Taking the line with "3、单晶硅棒主要通过多种手段" as the first and the line with "Bota lisa 100%" as the last, set down the lines below exactly, pictures excluded.

EXERCISE DATA ->
··········
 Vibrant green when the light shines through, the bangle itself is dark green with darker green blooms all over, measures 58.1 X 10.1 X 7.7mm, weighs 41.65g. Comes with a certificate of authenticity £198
··········
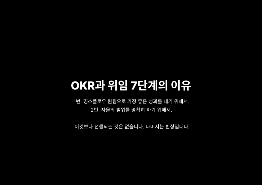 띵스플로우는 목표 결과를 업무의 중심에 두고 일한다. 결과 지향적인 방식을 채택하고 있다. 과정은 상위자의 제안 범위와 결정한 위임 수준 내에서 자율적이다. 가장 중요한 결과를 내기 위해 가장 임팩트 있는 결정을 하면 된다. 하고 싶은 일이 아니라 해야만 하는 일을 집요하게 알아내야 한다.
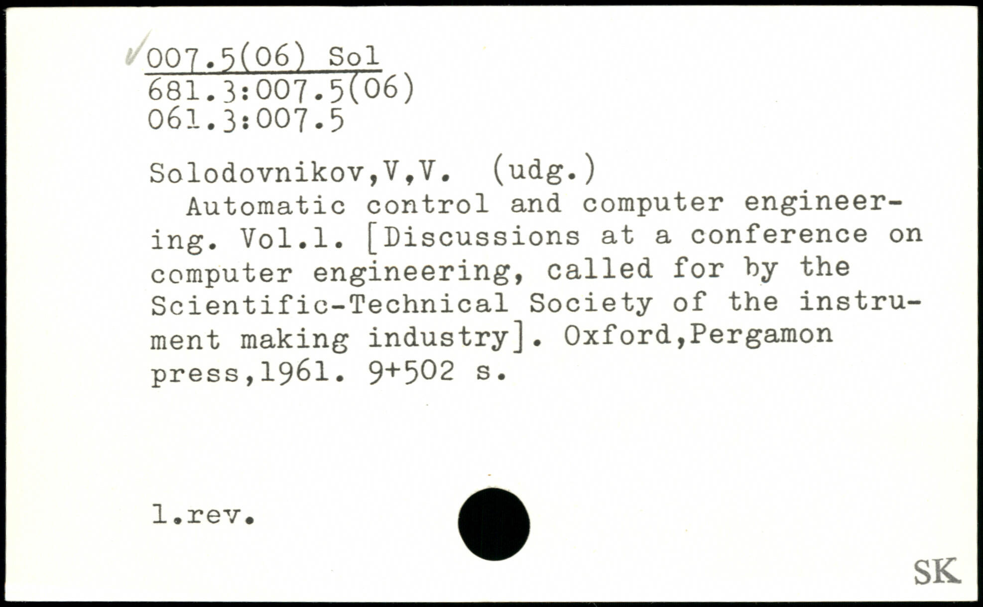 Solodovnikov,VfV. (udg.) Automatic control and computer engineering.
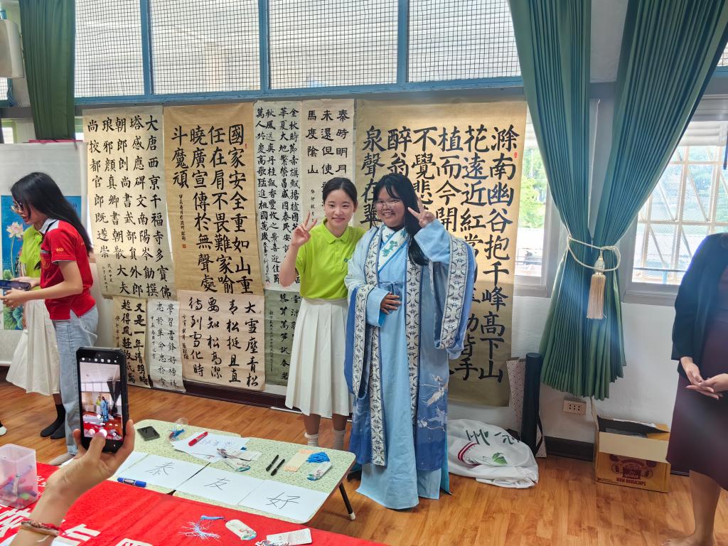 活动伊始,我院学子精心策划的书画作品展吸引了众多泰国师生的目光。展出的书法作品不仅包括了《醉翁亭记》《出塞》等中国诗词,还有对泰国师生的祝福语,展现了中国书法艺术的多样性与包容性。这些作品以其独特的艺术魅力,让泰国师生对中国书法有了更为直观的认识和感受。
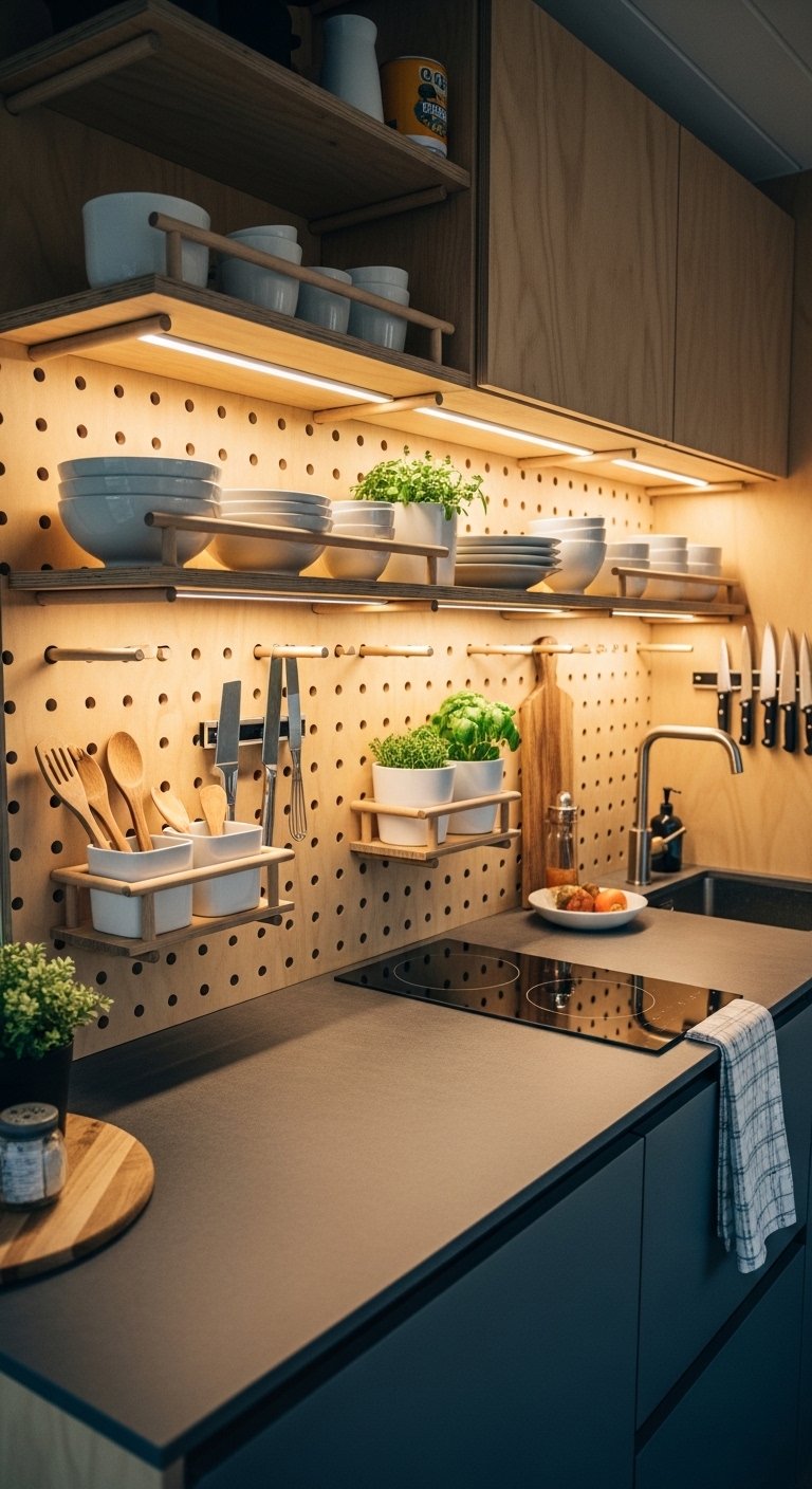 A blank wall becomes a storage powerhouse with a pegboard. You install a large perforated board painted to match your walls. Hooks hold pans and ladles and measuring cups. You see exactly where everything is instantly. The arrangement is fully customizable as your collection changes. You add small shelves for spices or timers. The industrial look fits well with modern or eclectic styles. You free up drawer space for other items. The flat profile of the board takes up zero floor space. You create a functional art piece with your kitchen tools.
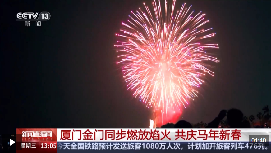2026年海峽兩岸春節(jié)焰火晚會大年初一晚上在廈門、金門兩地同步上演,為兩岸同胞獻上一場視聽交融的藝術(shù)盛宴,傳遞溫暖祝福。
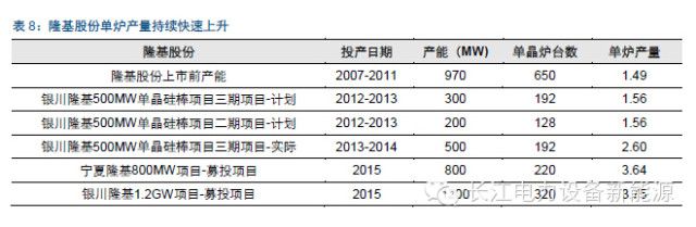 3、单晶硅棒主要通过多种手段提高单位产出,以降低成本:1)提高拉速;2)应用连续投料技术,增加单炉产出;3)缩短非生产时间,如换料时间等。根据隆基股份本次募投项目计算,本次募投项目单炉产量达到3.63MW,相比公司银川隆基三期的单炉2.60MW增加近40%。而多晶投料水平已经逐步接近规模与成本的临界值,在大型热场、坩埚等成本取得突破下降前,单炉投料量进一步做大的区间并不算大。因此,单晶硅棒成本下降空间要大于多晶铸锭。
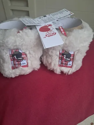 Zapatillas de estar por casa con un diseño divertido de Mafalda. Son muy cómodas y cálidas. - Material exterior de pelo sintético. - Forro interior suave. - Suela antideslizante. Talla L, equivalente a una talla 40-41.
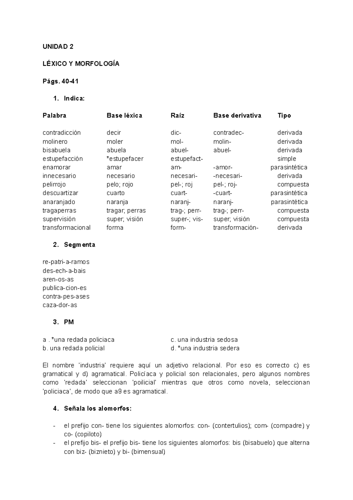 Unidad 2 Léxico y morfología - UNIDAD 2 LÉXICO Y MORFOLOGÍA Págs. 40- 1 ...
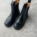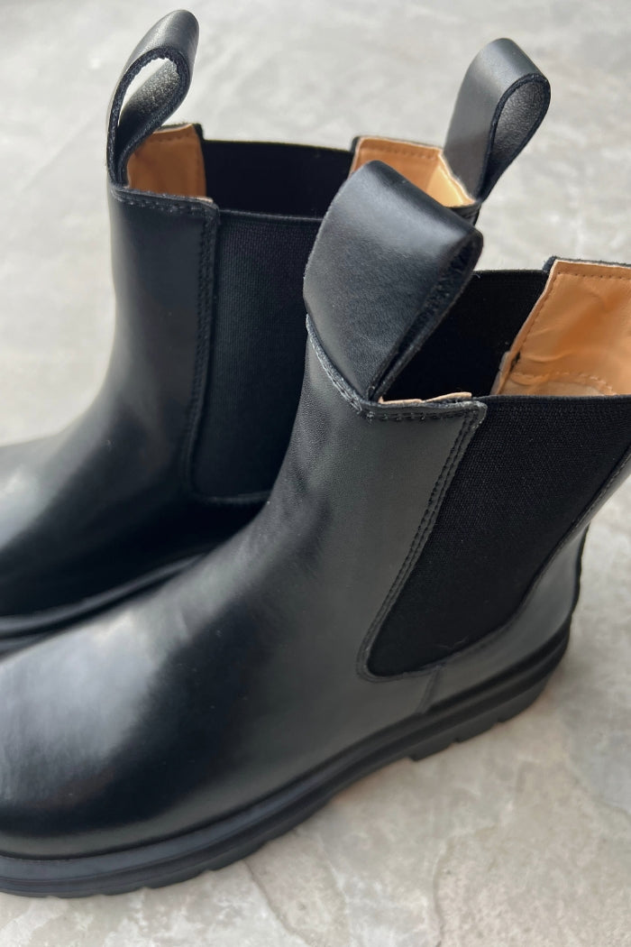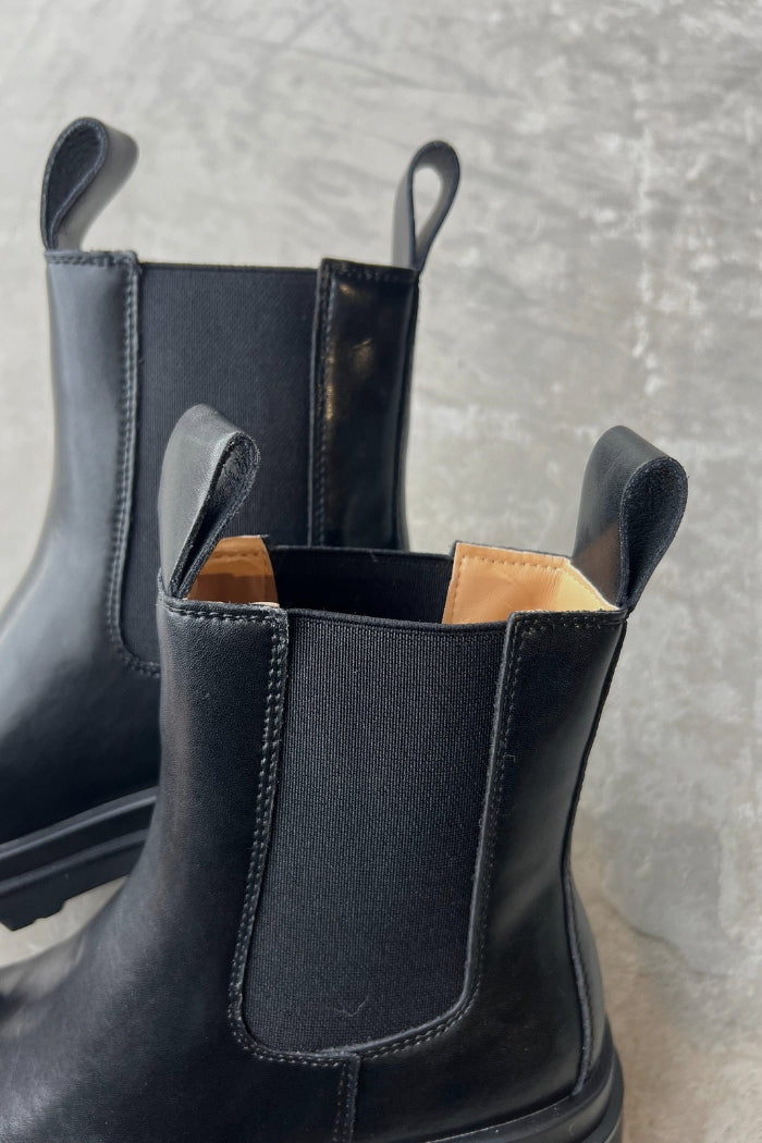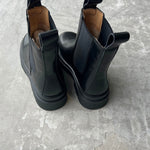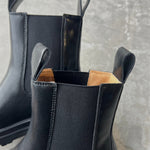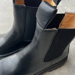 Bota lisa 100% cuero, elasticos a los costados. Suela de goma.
··········
EXERCISE RESPONSE ->
 3、单晶硅棒主要通过多种手段提高单位产出,以降低成本:1)提高拉速;2)应用连续投料技术,增加单炉产出;3)缩短非生产时间,如换料时间等。根据隆基股份本次募投项目计算,本次募投项目单炉产量达到3.63MW,相比公司银川隆基三期的单炉2.60MW增加近40%。而多晶投料水平已经逐步接近规模与成本的临界值,在大型热场、坩埚等成本取得突破下降前,单炉投料量进一步做大的区间并不算大。因此,单晶硅棒成本下降空间要大于多晶铸锭。
 Zapatillas de estar por casa con un diseño divertido de Mafalda. Son muy cómodas y cálidas. - Material exterior de pelo sintético. - Forro interior suave. - Suela antideslizante. Talla L, equivalente a una talla 40-41.
 Unidad 2 Léxico y morfología - UNIDAD 2 LÉXICO Y MORFOLOGÍA Págs. 40- 1 ...
 Bota lisa 100% cuero, elasticos a los costados. Suela de goma.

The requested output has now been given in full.